• EXERCISE DIRECTIONS
Line by line, return the listing exactly, without any of the images.
*** PROVIDED MATERIAL ***
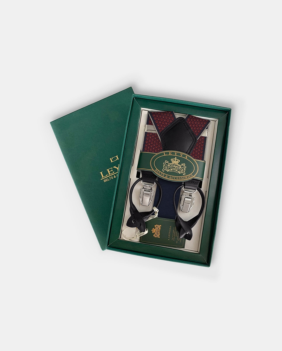 Suspensórios elásticos azuis com pontilhado de jacquard vermelho-branco
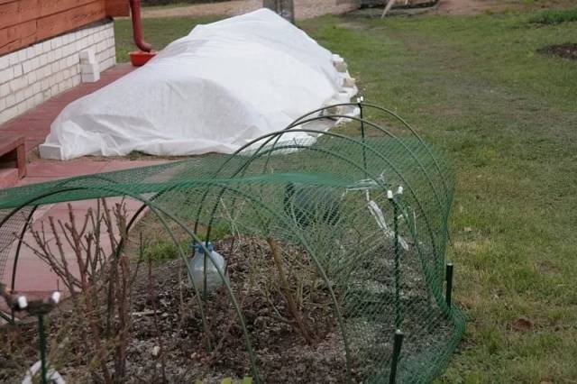 El material de cobertura se coloca sobre los arcos instalados. Lo mejor es usar geotextiles, spunbond, lutrasil en 2-3 capas. El material de cobertura se fija con clips, pinzas para la ropa o clips de plástico especiales. A los lados del refugio se colocan ladrillos o cualquier material y objeto pesado disponible (pedazos de pizarra, molduras, tuberías, piedras).
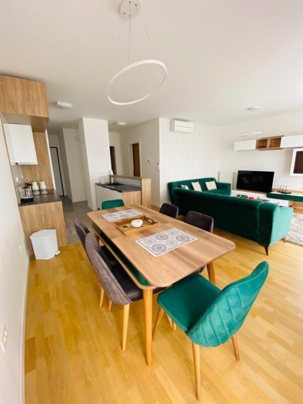Ilidza River Apartments – 303 is a three bedroom apartment located on the third floor. It has a spacious living room with flat TV heating and air conditioning. There is a comfortable sofa which can be a sofa bed if needed.
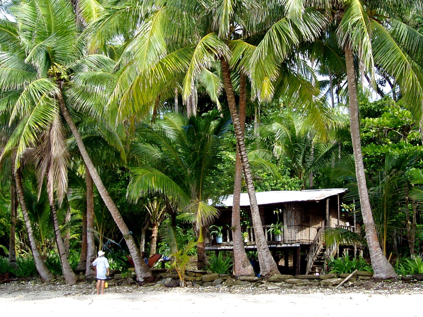 Leonides, an 87 year old Panamanian, occupies this house on the beach of Isla Pedro Gonzales. He boasted that he has two younger wives (47 and 76), 17 children and 72(!) grandchildren. Leonide is definitely NOT a poster child for population control. |
***
• ANSWER BOX
 Suspensórios elásticos azuis com pontilhado de jacquard vermelho-branco
 El material de cobertura se coloca sobre los arcos instalados. Lo mejor es usar geotextiles, spunbond, lutrasil en 2-3 capas. El material de cobertura se fija con clips, pinzas para la ropa o clips de plástico especiales. A los lados del refugio se colocan ladrillos o cualquier material y objeto pesado disponible (pedazos de pizarra, molduras, tuberías, piedras).
Ilidza River Apartments – 303 is a three bedroom apartment located on the third floor. It has a spacious living room with flat TV heating and air conditioning. There is a comfortable sofa which can be a sofa bed if needed.
 Leonides, an 87 year old Panamanian, occupies this house on the beach of Isla Pedro Gonzales. He boasted that he has two younger wives (47 and 76), 17 children and 72(!) grandchildren. Leonide is definitely NOT a poster child for population control. |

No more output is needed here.